2. Evidence of supporting documents being created post-facto for audit purposes. For instance, purchase order formats of two or more unrelated customers appeared similar and paradoxically differences being found in the purchase order formats raised by the customer. Back-dated recording of revenues to meet company’s monthly revenue forecast for instance a majority of the suspect transactions though having been recorded after month-end were dated on the last day of the relevant month.
4. Suspect sales being delivered to non-existent/non-traceable addresses.
5. Absence of any pre-sales efforts by company to procure the customer orders.
6. Entering into circuitous transactions for instance, X purchasing goods from Ricoh and Ricoh procuring those goods from Y and Y in turn purchasing the same goods from X.
7. KMPs receiving personal favours like payment of education abroad for children of KMPs by the customers of company.
8. Payments being made to select debtors for purchases despite amounts outstanding from them for sales made to them.
9. Bank statements of clients of the company showing back-to-back receipts from Ricoh and such funds being transferred by the clients of Ricoh to various companies in which the spouses of KMPs are directors.

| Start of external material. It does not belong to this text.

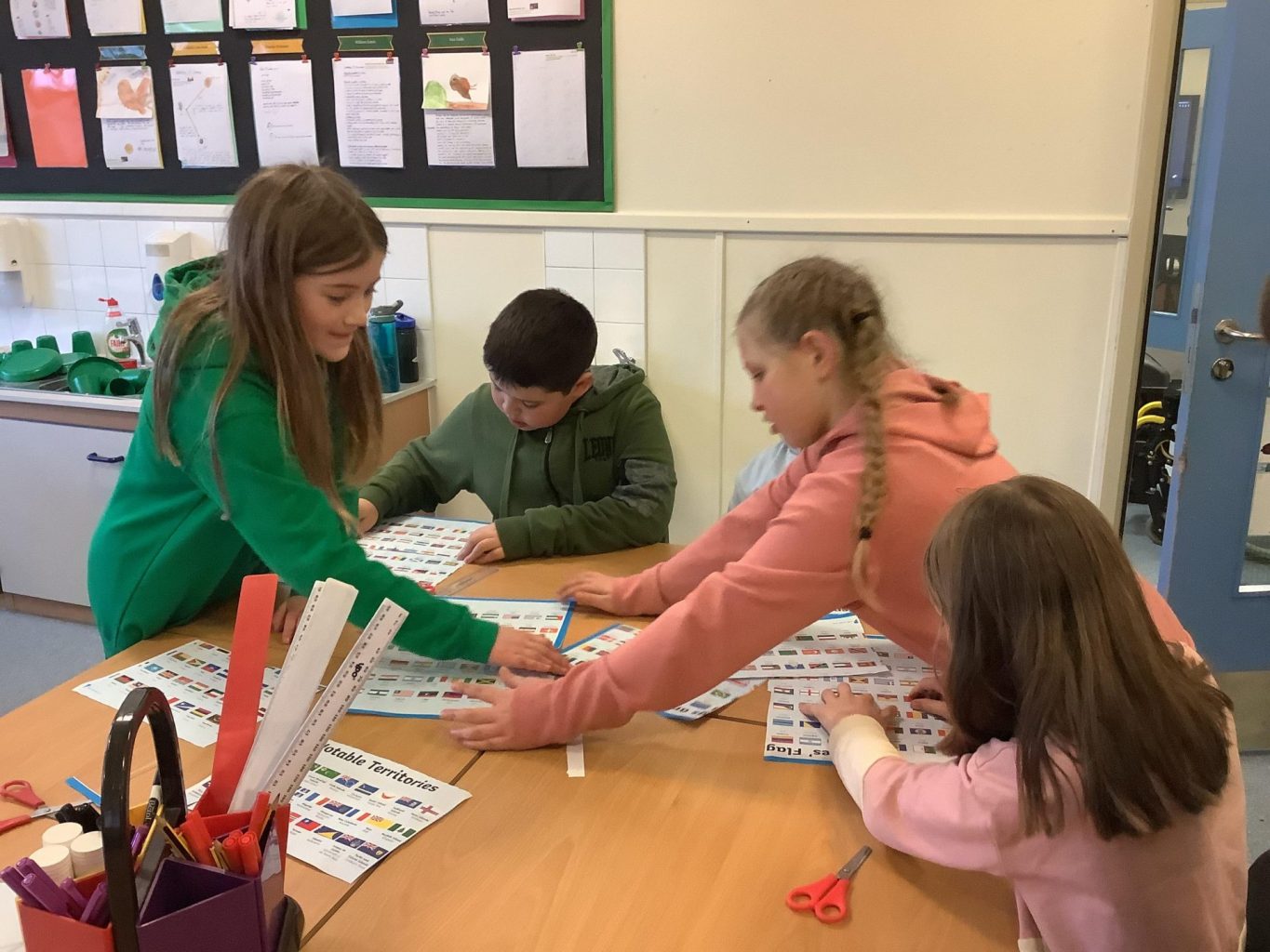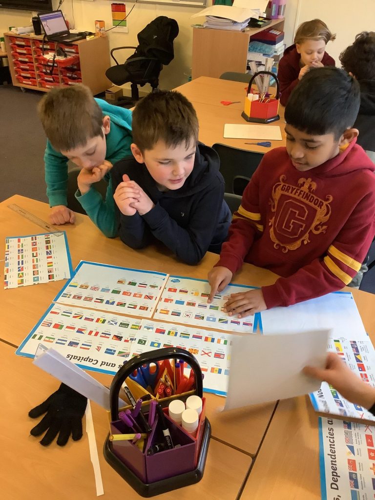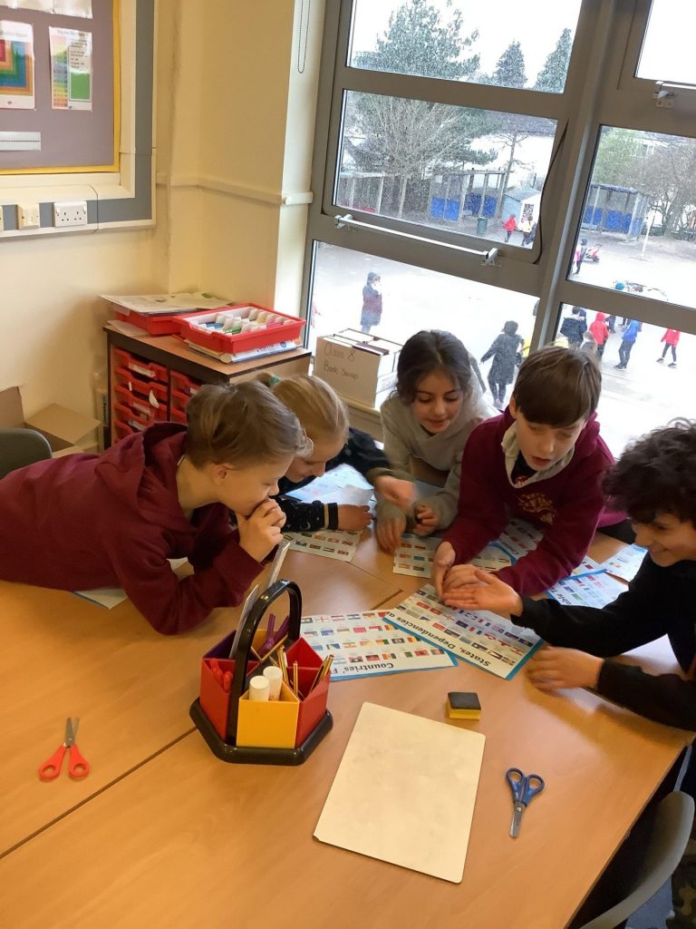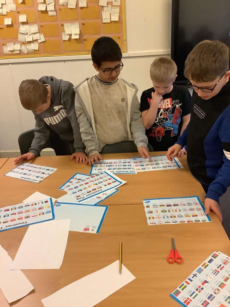 In geography, Class 8 were tasked with analysing and organising the flags of the world. Afterwards, using their own lifestyle, culture and beliefs, they designed their own flags. They chose their own colours and symbols to represent themselves.

Status of the matter: An independent auditor appointed by the Bombay Stock Exchange Limited is conducting a detailed forensic audit of the books of accounts of Ricoh. SEBI is yet to give its final order on the matter. Meanwhile, the KMPs who are suspected of being involved in the alleged violations are restrained by SEBI from accessing the securities market or buying, selling or otherwise dealing in the securities market in any manner whatsoever, either directly or indirectly.
It is disturbing to note this level of accounting irregularities in prominent Indian listed companies. The interim SEBI orders closely examine the alleged fraudulent financial practices of two major listed companies. The granularity of factual detail in both orders as well as SEBI’s decision to direct forensic audits is indicative of the gravity of the potential offences. This also indicates an era where promoters and key managerial personnel of prominent listed companies are held increasingly accountable.